John Hamilton Morgan’s wife, great grandmother Helen Melvina Groesbeck Morgan died June 15, 1930. Her funeral was held in the Waterloo Ward.
In Helen Rex Frazier’s papers is a copy of a document that I believe is the talk B. H. Roberts gave on that occasion. It is not dated. It is simply titled B. H. Roberts, and is with some other documents that appear to be from the funeral also. It illustrates the friendship B. H. Roberts and John and Helen Melvina Groesbeck Morgan shared. It also appears to be the source document used for “Appendix I, A Tribute by B. H. Roberts,” The Life and Ministry of John Morgan, by Arthur Richardson, copyright 1965, Nicholas G. Morgan, Sr., pgs 579-580.
My brothers and sister, I did not come here to speak. I had a desire in my heart that by my being here I might silently bear witness of the love that is in my heart for Sister Morgan and to stir up the recollections by my presence at her funeral of the fond memories that would be awakened of the many years ago; and renew the feeling of tenderness and deep regard that I have for all the members of the Morgan family. But, I expected to do that just by my presence. I expected to honor myself by being present on this occasion, and it is a matter of surprise to be called upon to say even a few words.
Of course, there are some present who will have some recollection, perhaps, of the friendship that I have always enjoyed in my relations to John Morgan. I went for a short time to his night school. I couldn’t afford to go to day school, but I did get an opportunity to go for a few nights, and expected to continue for quite a number of months. I formed my first contract with John Morgan at that time, and later I was directed by President John Taylor to report myself to him in the South, when he presided in the southern States Mission, which I did; and then began the friendship which lasted as long as he lived and that lasts now. I came here today in renewal of it.
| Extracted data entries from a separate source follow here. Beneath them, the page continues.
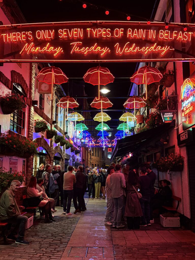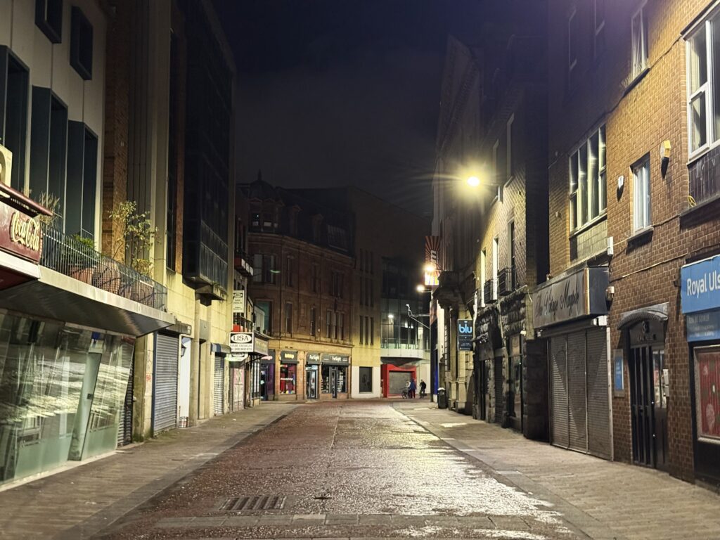 電車でベルファスト中心地に戻り、夜の街を散策。
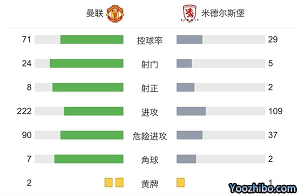第25分钟,B费长传给左路的桑乔,后者禁区内小角度抽射将球打进,曼联1-0米德尔斯堡。
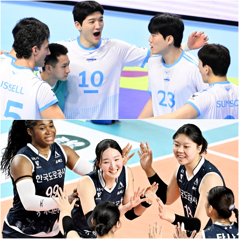 2025~26시즌 선두를 달리는 대한항공(위)과 한국도로공사 선수단. 사진=KOVO 2025~26 진에어 V리그가 30일 반환점을 통과하면서 봄 배구를 향한 순위 경쟁은 더욱 뜨거워질 전망이다. 남자부는 대한항공이 개막 후 줄곧 선두를 달리는 가운데 '디펜딩 챔피언' 현대캐피탈(2위)과 KB손해보험(3위)이 뒤를 바짝 쫓고 있다. '배구 명가' 삼성화재(3승 15패·7위)의 몰락 속에 4~6위 한국전력-OK저축은행-우리카드가 호시탐탐 포스트시즌(PS) 진출을 노린다.
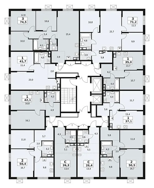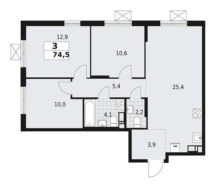 Площадь (общ/жил/кух), м2: 74.6/—/25.5
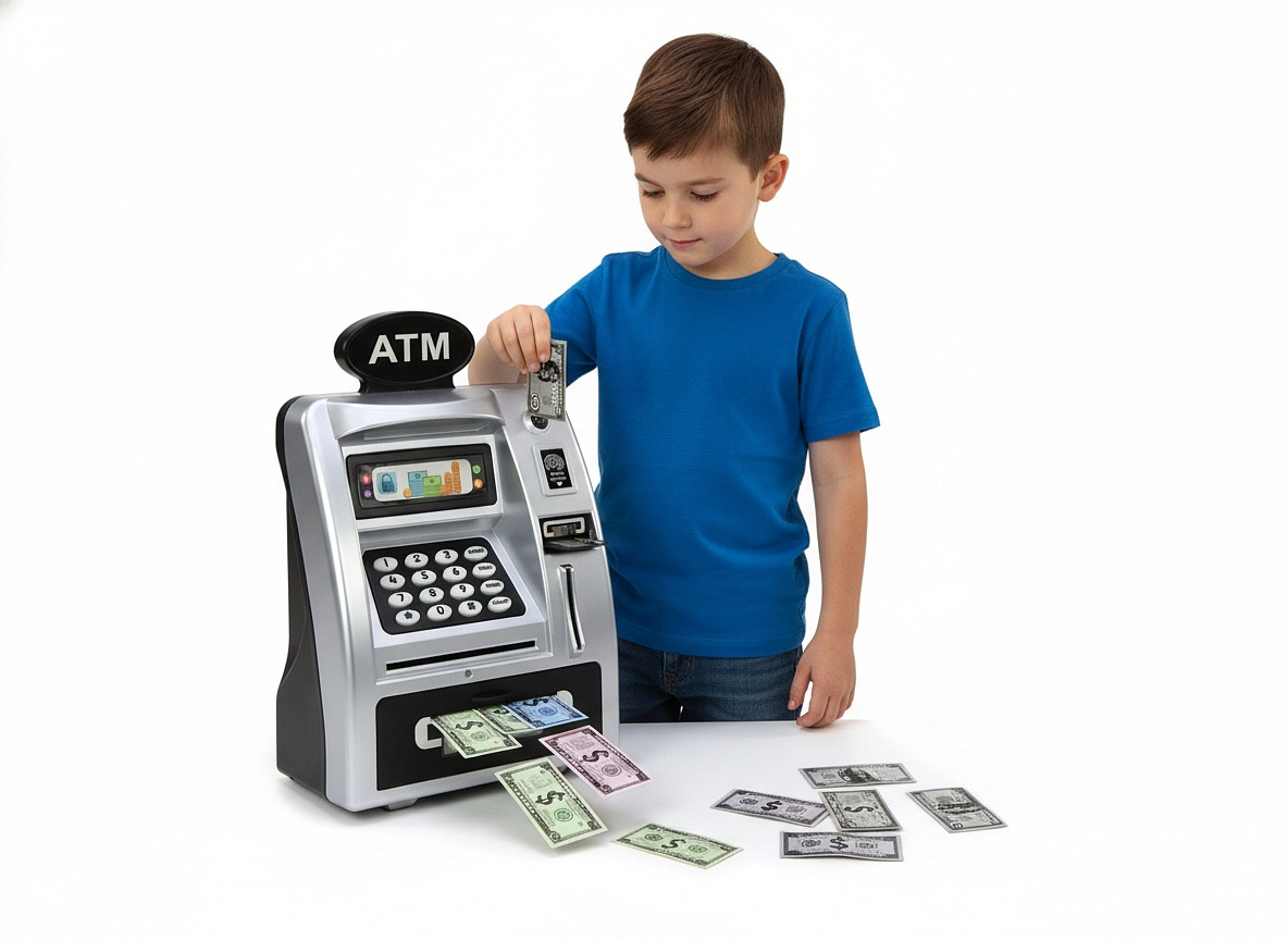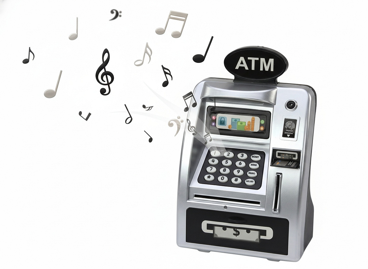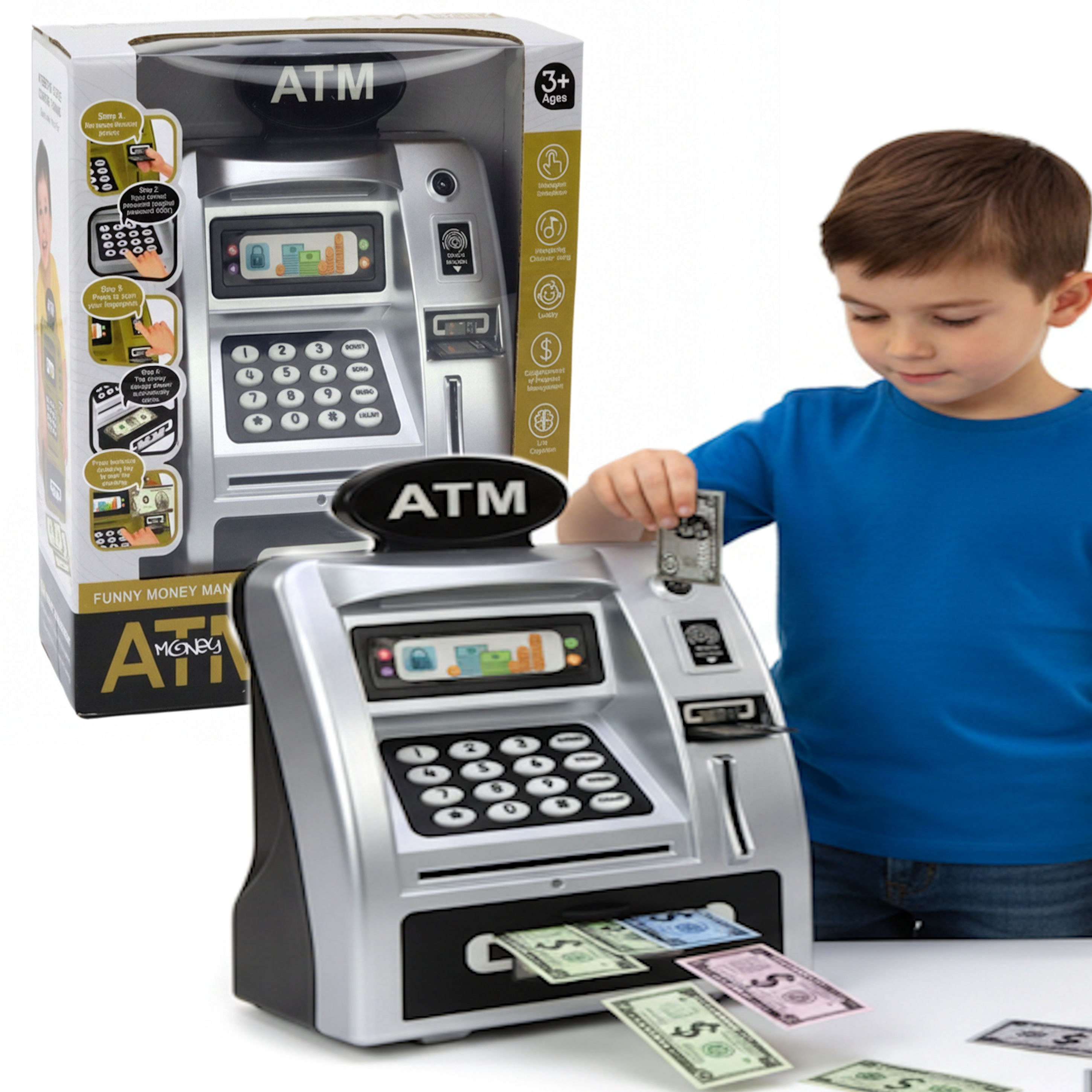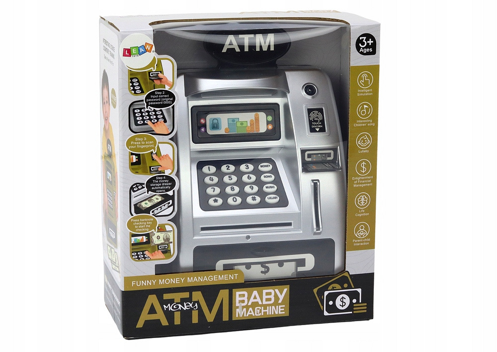 Zabawowy bankomat w eleganckim złoto-czarnym kolorze to edukacyjna skarbonka, która uczy oszczędzania przez zabawę. Wykonany z trwałego plastiku, wyposażony w czytnik linii papilarnych, plastikową kartę, możliwość ustawienia własnego PIN-u i efekty dźwiękowo-świetlne - po udanej autoryzacji rozbrzmiewają fanfary!
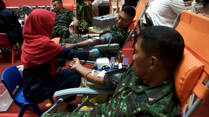 RIAUMANDIRI.CO, PEKANBARU - Lebih 50 prajurit TNI AD dan TNI AU ikut berpartisipasi dalam kegiatan donor darah PWI Riau bersempena peringatan Hari Pers Nasional (HPN) 2018 dan HUT ke-72 PWI. Donor darah yang digelar di Mal SKA Pekanbaru, Senin (19/2/2018) juga diikuti puluhan wartawan anggota PWI Riau. Sampai pukul 10.25 WIB, sudah berhasil terkumpul 14 kantong darah.

Both himself and Sister Morgan opened the door of their hospitable home to me, and requested me that whenever in the city to make their home my headquarters and to live with them; and that I did. I have never met anyone whose kindness surpassed the kindness and welcome and steadfastness and hospitality of this good woman, Sister, Morgan, whose remains lie before us; she was unselfish in her ministrations both of service and of lodging, and of food she gave in great abundance, and always made me welcome in her home, as also did her husband.
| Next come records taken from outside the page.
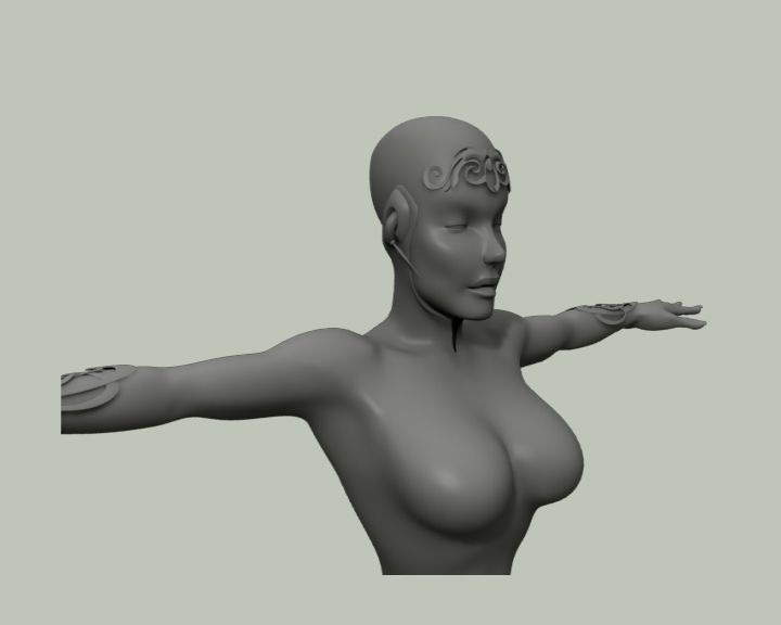 Madre mía. ¿cuánto tiempo pasó desde que hiciste el bebé hasta que hiciste a este pedazo de mujer con tanta personalidad? Está muy guapa. Ya sólo por decir algo (y que conste que sólo digo por decir algo) le marcaría un poco los pezones para que no quede tanta curva ahí suavizada o le haría un par de arrugas si le pones camiseta ajustada o algo, pero una irregularidad en esa zona, por lo demás está increíble. Saludos.
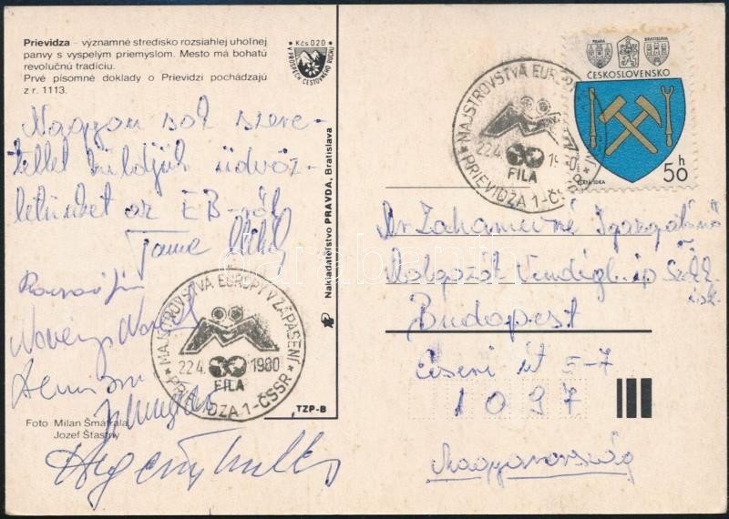 1980 Prievidza, Csehszlovákia, Birkózó EB néhány résztvevője, többek között Ronyai János, Toma Mihály, Növényi Norbert aláírásaival
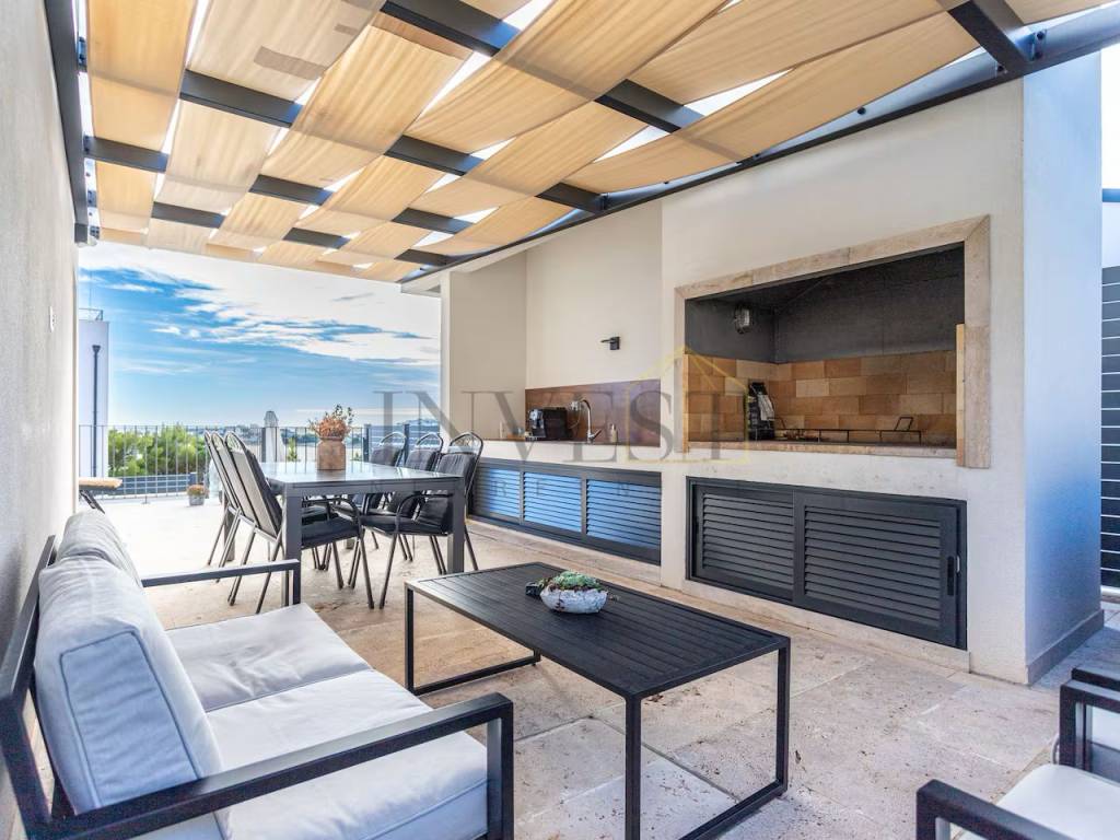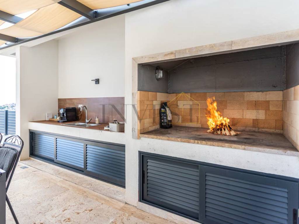 The ground floor of the villa includes a spacious living room with a kitchen and dining area in an open-space concept, a guest bathroom and a storage room. The ground floor leads to a courtyard that is decorated for year-round enjoyment, including a private pool, an outdoor summer kitchen, a dining area and a barbecue.

There was a relationship formed here that would be difficult to describe. I never had a brother that I was conscious of—both of mine dying in their infancy. So I can hardly tell just what it would mean to have a brother; but, so far as I can conceive of it, John Morgan was a brother to me, as well as President and Director of my early activities in the ministry. How much I owe to him! We became united, I think as few men become united. We were together in storm and strife and under circumstances and conditions when threatened by mobs that tried men’s souls, and I found him steadfast and true all the while. I gather that he must have had some idea about me, because he was the one who urged that I take his place in the Southern States Mission when he was released; and I carried on that work a number of years. When it was found necessary for me to go across the sea to England, I went, and he returned to the South. Afterwards, we became united in the same council, and we threshed out many, many things pertaining to the department of the Holy Priesthood which we were called to preside over.
I have met no man who surpassed John Morgan in the possession of those fine qualities of manhood and power that are universally admired. I loved him with all my heart; and when he passed away, I never got rid of the feeling that there was a vacuum at my side, where he had always stood from the first of our acquaintance.
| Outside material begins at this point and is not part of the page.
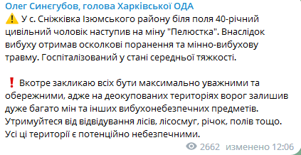 Подобных мин и других взрывоопасных предметов на территории Харьковской области россияне оставили после себя очень много. Нужно быть предельно осторожными, избегать посещений лесопосадок, полей, рек, обратился к населению Синегубов.
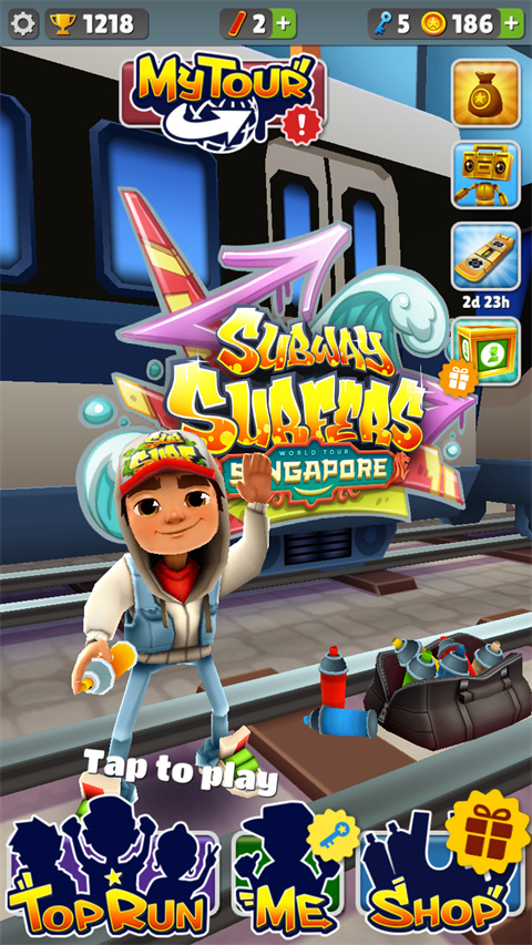 地铁跑酷新加坡版本是地铁跑酷世界巡回赛系列的第104期,喜爱前往世界各地进行跑酷活动的杰克,这次来到了亚洲!他将前往美丽的国家新加坡,与他志趣相投的众多小伙伴们会合,穿梭著名的滨海湾公园,并且与别具特色的鱼尾狮留影,在时髦的都市街道上一块热情狂奔啦!但要小心的是,这次同样会有看杰克一伙不顺眼,穿着短袖,凶巴巴的警察和他只会汪汪叫的小狗狗登场,准备在玩家操作失误时,将调皮捣蛋乱涂鸦的杰克,带回警局好好反省一番嘀!玩家快发挥你灵活的手指,通过左右移动,上跳下滑的方式,让杰克或是他的好友们,完美展现矫健身手,闪避重重障碍吧!值得一提的是,地铁跑酷国际服新加坡版本带回了贾樟柯,也带回了狮子板,引入了名为Maeko的新角色和名为Retro Wave的新板。更多新奇内容欢迎大家前来本站免费下载游玩探索!

That may sound very egotistical to some of you. But I merely wanted to assure these sons and daughters of my dear friend that because the circumstances of life have torn his family and myself somewhat apart, and other interests have crossed in, and other things have had to receive my attention, resulting in our separation somewhat, and making that close friendship and association that formerly existed between us well nigh impossible, yet there hasn’t departed out of my heart one bit of respect and honor and friendship and love for them and for their mother and father.
To me Sister Morgan was a noble woman, true and constant in her friendship. I hope to renew that friendship under those circumstances when we shall more frequently meet together than we have in the past few years in this world in which we live. She ministered to me as any kind, elder sister, I imagine, would minister to a beloved brother. And, frankly, I loved her, and cherish her memory. My association with her and the children in their younger days, presents to my mind a constant picture of regard and love and fondness for them—everyone.
I am here to make these remarks in the manner of a confession—a confession of neglect of that early friendship that was formed. And, as a confession is good for the soul, I hope these good friends of mine will accept it as a confession of neglect concerning those ties of friendship that were formed in the strength of my early manhood; and I want to assure them that those ties that bound us together then are still strong, so far as I am concerned.